*** Opening Dataset excerpts ***

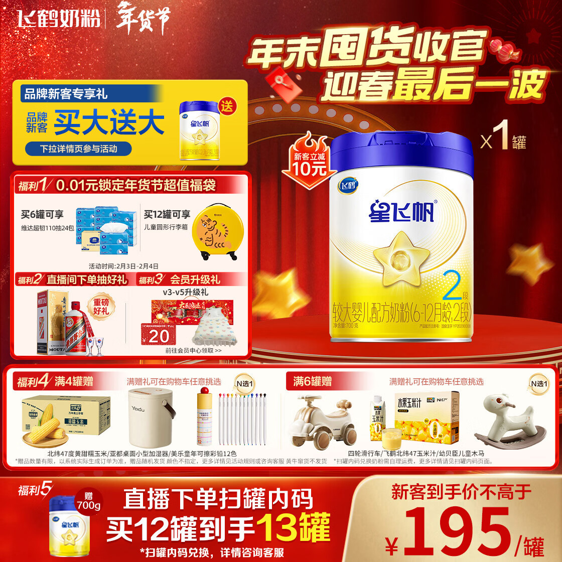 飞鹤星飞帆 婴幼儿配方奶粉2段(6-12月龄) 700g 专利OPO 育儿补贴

*** Closing Dataset excerpts ***
*** Opening Dataset excerpts ***

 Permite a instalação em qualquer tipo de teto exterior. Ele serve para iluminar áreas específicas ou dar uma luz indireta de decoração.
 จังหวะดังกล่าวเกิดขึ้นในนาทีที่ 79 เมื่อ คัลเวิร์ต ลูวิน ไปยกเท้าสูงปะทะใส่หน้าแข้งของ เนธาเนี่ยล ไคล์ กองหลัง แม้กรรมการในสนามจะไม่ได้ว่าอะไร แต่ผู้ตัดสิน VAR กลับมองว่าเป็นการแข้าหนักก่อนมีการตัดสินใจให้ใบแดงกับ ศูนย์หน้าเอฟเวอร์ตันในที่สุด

*** Closing Dataset excerpts ***
*** Opening Dataset excerpts ***

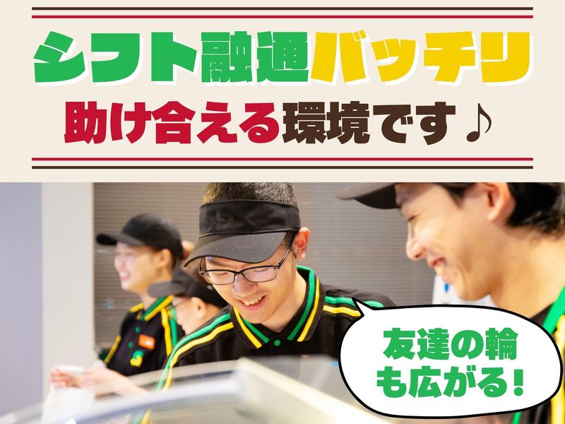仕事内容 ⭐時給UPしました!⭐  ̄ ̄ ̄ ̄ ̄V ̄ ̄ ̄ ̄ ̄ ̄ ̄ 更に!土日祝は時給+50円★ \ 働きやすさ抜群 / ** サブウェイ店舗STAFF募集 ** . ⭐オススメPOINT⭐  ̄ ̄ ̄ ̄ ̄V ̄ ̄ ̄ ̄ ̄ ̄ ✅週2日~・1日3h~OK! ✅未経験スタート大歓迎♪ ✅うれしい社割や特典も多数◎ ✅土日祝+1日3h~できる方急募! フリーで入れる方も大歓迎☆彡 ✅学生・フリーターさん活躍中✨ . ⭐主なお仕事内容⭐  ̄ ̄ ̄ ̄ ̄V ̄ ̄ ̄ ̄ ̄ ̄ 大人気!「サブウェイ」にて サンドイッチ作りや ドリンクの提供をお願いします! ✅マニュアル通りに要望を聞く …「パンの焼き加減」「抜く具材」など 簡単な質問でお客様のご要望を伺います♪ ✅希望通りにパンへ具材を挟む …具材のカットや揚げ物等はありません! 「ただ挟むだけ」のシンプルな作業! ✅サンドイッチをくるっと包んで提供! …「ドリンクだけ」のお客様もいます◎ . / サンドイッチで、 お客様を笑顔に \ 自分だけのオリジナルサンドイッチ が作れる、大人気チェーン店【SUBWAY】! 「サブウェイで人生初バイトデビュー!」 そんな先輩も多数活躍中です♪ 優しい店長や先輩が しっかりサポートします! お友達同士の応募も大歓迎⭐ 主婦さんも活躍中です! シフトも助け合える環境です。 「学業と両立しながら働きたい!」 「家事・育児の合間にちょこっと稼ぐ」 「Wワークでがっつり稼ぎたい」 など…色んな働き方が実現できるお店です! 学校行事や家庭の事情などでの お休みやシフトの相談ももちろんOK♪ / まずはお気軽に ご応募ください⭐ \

*** Closing Dataset excerpts ***

→ **Assignment**
Give only the lines from the one holding "Permite a instalação" through the one holding "จังหวะดังกล่าวเกิดขึ้นในนาทีที่ 79 เมื่อ", each restated exactly as it appears above.

→ **Result**
 Permite a instalação em qualquer tipo de teto exterior. Ele serve para iluminar áreas específicas ou dar uma luz indireta de decoração.
 จังหวะดังกล่าวเกิดขึ้นในนาทีที่ 79 เมื่อ คัลเวิร์ต ลูวิน ไปยกเท้าสูงปะทะใส่หน้าแข้งของ เนธาเนี่ยล ไคล์ กองหลัง แม้กรรมการในสนามจะไม่ได้ว่าอะไร แต่ผู้ตัดสิน VAR กลับมองว่าเป็นการแข้าหนักก่อนมีการตัดสินใจให้ใบแดงกับ ศูนย์หน้าเอฟเวอร์ตันในที่สุด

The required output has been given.